Communal violence in northeastFrom his hiding place in a cowshed, Sefaqul Islam watched as masked gunmen moved through his village, shot women and children dead with automatic rifles and tossed wounded survivors into the blazing remains of their homes. The cattle herder’s sister and seven-year-old nephew were among 41 Muslims killed by suspected tribal militants last week in India’s remote state of Assam, the latest atrocity against people accused of being immigrants from neighboring Bangladesh.

“We will never go back to the village,” said Islam, as he and dozens of Narayanguri’s traumatized inhabitants erected bamboo-framed tents on the opposite bank of the Beki river. Police and local residents said three separate attacks were carried out by militants from the ethnic Bodo community as punishment for Muslims who failed to support their local candidate in the election, which is still going on across India.

The worst outbreak of communal violence in the northeastern region since 2012 has compounded fears among Muslims living along the India-Bangladesh border who feel they are being singled out by the man widely expected to be India’s next prime minister – Narendra Modi. The Hindu nationalist candidate, campaigning mainly on a ticket of economic growth, has ratcheted up rhetoric against illegal immigrants from Bangladesh, saying they should have their “bags packed” ready to be sent home should he win.

“The infiltrators have to go, go and go,” Modi said on Wednesday in West Bengal, which also borders Bangladesh. “Don’t you think they have made your life miserable?” A few miles from Narayanguri, in an area prone to religious violence, Modi made a similar speech a few days before the massacres, warning that Bangladeshis were taking over the state.

While there is no evidence Modi’s words had any bearing on the latest bloodshed in a long-running conflict, his rivals say the speeches, which continued after the attacks, risk alienating many in India’s Muslim minority of 150 million people. He has distinguished between economic immigrants from Bangladesh and Hindu refugees, whom he calls “family” escaping religious persecution in the Muslim-majority nation.

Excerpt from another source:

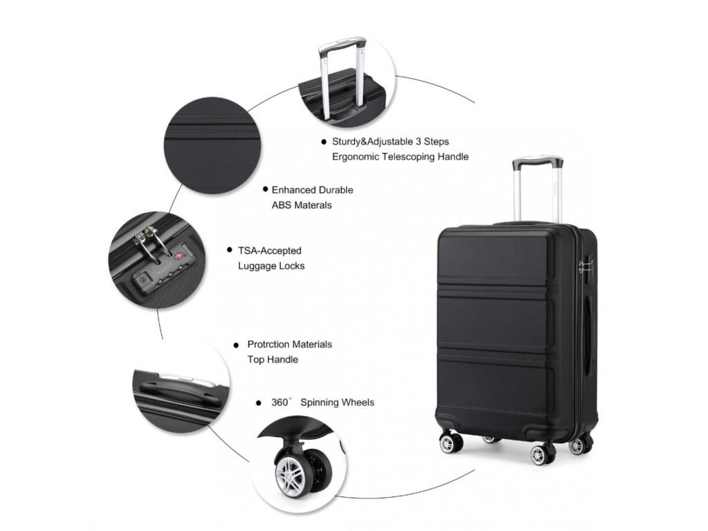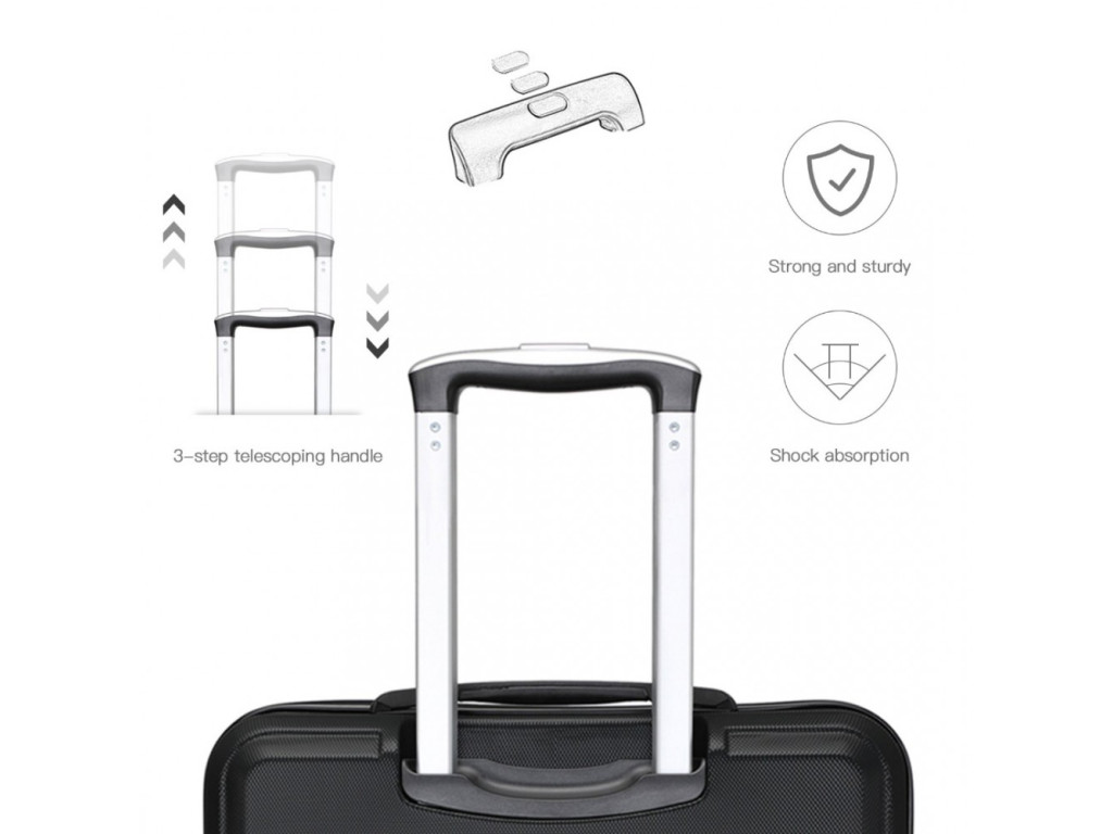 Vyroben z ABS s tichými dvojitými kolečky, hliníkovou výsuvnou rukojetí nebo TSA číselným zámkem. ABS materiál nabízí odolnost proti poškrábání a je vhodný do nízkých teplot. ABS materiál není tolik pružný jako polypropylen ale pro občasné cesty je plně dostačující.

The prospect of an Indian prime minister forcing Muslims of Bangladeshi origin to return home has also raised alarm bells in Dhaka, where the government said it would resist any such move. “If they do it, the relationship between the two countries will be jeopardized, it will be damaged,” said Bangladesh Commerce Minister Tofail Ahmed. “India, being a big country, a democratic country, a secular country, cannot take such a position.”